Conditions de vie des personnes malvoyantes en France

En dehors des vécus subjectifs recueillis lors d’entretiens psychologiques menés dans des structures médico-sociales spécialisées, que savons-nous réellement des conditions de vie des personnes malvoyantes en France ? En réalité, très peu de choses. C'est pour mieux comprendre les réalités des personnes malvoyantes, que l’enquête Homère a été réalisée en France sur les conditions de vie des personnes déficientes visuelles (Pigeon, et al. 2023). Elle repose sur un échantillon de 1 865 répondants, aveugles, malvoyants sévères ou malvoyants modérés, âgés de 0 à 101 ans. L’objectif était d’explorer les problématiques rencontrées dans l’ensemble des sphères de la vie : autonomie, déplacements, vie affective, scolarisation, insertion professionnelle et vieillissement.

La malvoyance source de difficultés

Un des résultats centraux de l’enquête Homère est que les personnes présentant une malvoyance modérée déclarent davantage de difficultés que les autres groupes (aveugles, malvoyants sévères) dans la quasi-totalité des domaines explorés.

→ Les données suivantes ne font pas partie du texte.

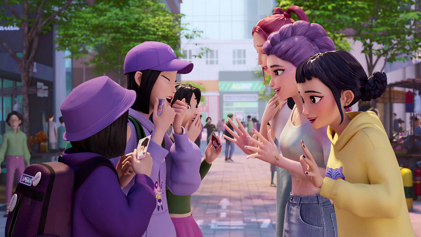 (If you are somehow unfamiliar with KPop Demon Hunters, it’s about a trio of Korean popstars who are also demon hunters. Their group, HUNTR/X, faces off against rival boy band the Saja Boys, who are demons in disguise. The songs are insanely catchy.)

Cette donnée, contre-intuitive au regard de la sévérité fonctionnelle moindre de leur atteinte visuelle comparativement aux malvoyants sévères ou aux personnes aveugles, suggère l’existence de mécanismes psychosociaux spécifiques. Parmi les résultats, il émerge que les malvoyants modérés sont proportionnellement plus nombreux à indiquer qu’il leur est difficile de parler de leur handicap. Ils déclarent également plus fréquemment que leur problème visuel constitue la principale source de difficultés dans leur vie quotidienne. Paradoxalement, ils rapportent davantage de réticences à demander de l’aide ou à accepter celle qui leur est proposée, tout en affirmant plus souvent ne pas avoir, ou peu, besoin d’assistance.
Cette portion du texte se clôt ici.